#### [Work to be completed]
Leaving out every picture, copy the lines of the material below exactly, from the line containing "Stylish black tumbler" through the line containing "マリア・グラツィア・キウリが手がけた、エレガントでモダンな「Dior Groove 20".

#### [Data provided]

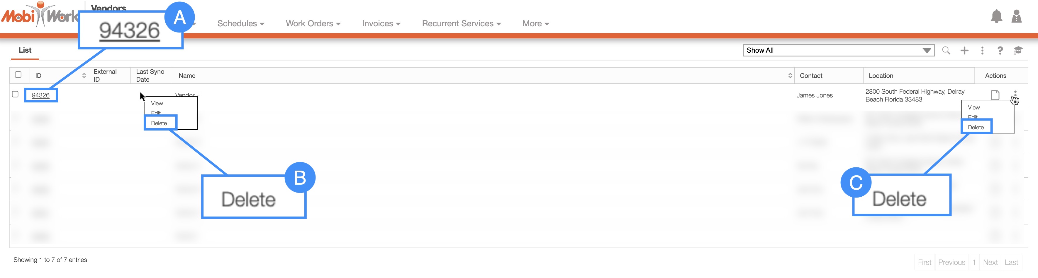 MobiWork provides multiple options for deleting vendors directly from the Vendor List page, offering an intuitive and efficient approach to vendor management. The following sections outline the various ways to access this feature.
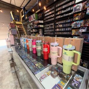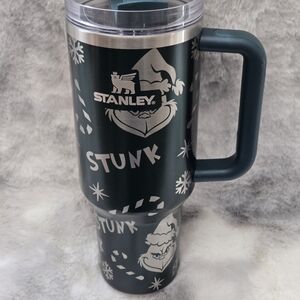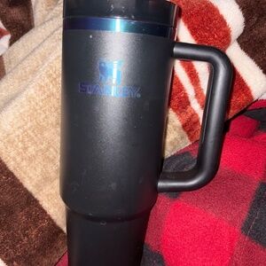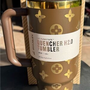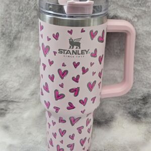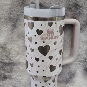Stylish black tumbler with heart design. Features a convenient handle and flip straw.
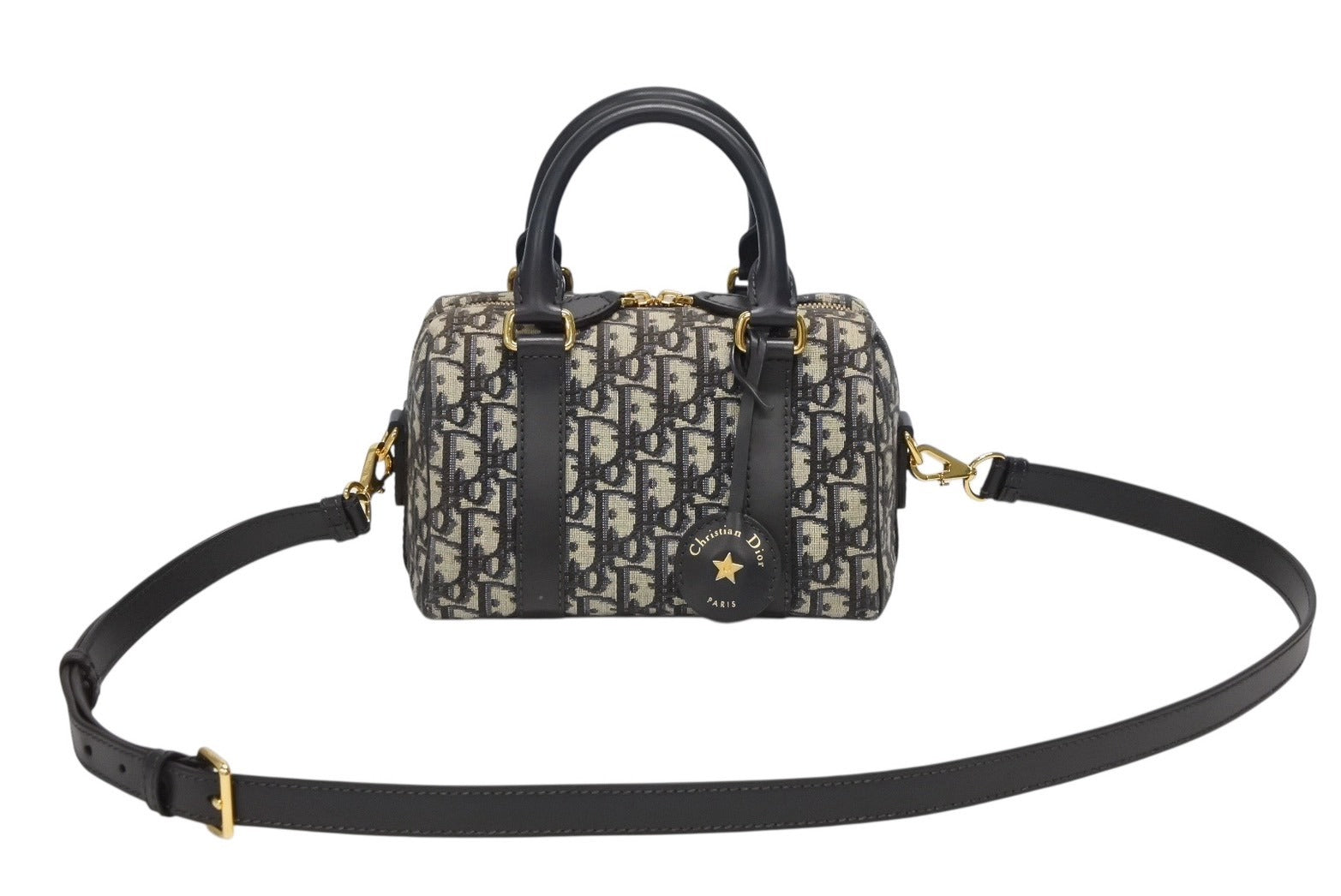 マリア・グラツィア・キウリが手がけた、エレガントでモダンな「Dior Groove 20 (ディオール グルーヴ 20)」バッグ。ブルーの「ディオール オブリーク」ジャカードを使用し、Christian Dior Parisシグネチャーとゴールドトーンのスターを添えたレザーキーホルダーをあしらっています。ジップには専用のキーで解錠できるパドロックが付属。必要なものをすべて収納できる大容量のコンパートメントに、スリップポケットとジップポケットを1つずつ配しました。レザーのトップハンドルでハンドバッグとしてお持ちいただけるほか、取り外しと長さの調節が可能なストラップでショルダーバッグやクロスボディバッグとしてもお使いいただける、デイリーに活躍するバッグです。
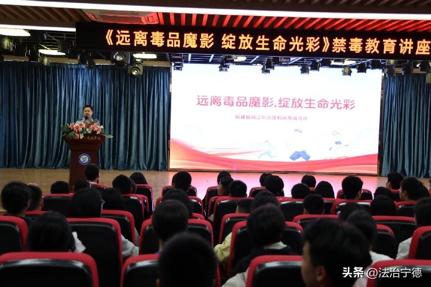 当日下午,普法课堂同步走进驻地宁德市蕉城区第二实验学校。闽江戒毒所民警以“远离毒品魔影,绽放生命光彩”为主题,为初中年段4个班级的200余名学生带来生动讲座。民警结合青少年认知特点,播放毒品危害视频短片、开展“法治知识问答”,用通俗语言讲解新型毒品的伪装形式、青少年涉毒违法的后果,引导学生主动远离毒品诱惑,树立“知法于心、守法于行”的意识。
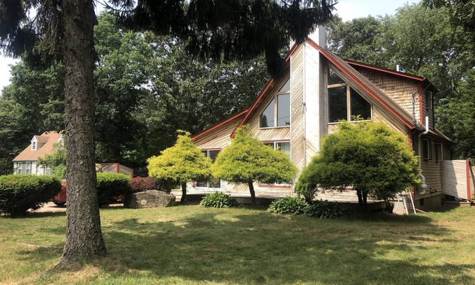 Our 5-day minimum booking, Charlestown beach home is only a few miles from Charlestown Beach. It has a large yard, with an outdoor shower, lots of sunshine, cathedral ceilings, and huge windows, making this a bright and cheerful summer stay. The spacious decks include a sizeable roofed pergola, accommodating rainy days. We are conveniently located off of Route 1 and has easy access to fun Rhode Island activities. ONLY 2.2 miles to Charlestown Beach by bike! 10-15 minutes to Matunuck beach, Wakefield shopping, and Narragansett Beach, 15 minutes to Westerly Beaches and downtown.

---

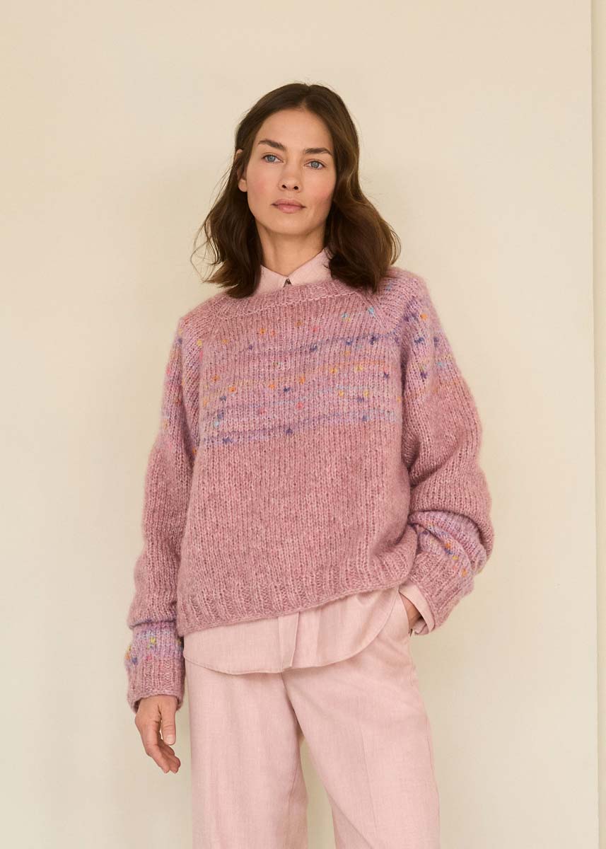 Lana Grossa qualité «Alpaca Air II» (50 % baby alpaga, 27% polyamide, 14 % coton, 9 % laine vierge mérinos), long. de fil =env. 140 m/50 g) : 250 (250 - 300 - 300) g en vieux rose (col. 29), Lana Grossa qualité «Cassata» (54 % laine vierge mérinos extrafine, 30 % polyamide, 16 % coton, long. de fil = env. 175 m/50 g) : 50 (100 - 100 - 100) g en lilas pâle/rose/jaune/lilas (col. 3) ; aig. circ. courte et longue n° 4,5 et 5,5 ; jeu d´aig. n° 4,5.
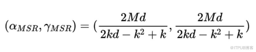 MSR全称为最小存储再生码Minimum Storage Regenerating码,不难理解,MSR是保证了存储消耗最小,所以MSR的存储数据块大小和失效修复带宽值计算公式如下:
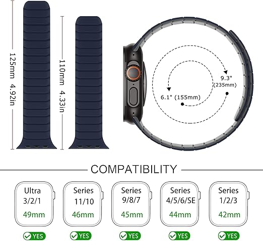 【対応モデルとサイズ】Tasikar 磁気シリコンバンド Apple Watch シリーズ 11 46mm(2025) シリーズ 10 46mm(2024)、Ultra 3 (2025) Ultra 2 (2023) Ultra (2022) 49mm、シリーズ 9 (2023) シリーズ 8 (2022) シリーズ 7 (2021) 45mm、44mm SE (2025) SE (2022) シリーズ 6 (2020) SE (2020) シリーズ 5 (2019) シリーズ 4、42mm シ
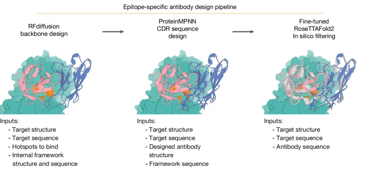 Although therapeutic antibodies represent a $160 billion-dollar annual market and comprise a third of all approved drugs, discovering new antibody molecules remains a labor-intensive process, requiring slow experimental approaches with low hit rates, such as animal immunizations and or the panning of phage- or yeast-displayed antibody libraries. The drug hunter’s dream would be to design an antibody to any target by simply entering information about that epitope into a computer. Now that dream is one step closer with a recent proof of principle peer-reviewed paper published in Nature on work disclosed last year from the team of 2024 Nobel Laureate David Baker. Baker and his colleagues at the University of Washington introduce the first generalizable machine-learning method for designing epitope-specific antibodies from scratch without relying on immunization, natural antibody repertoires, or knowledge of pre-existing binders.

#### [Final answer]
Stylish black tumbler with heart design. Features a convenient handle and flip straw.
 マリア・グラツィア・キウリが手がけた、エレガントでモダンな「Dior Groove 20 (ディオール グルーヴ 20)」バッグ。ブルーの「ディオール オブリーク」ジャカードを使用し、Christian Dior Parisシグネチャーとゴールドトーンのスターを添えたレザーキーホルダーをあしらっています。ジップには専用のキーで解錠できるパドロックが付属。必要なものをすべて収納できる大容量のコンパートメントに、スリップポケットとジップポケットを1つずつ配しました。レザーのトップハンドルでハンドバッグとしてお持ちいただけるほか、取り外しと長さの調節が可能なストラップでショルダーバッグやクロスボディバッグとしてもお使いいただける、デイリーに活躍するバッグです。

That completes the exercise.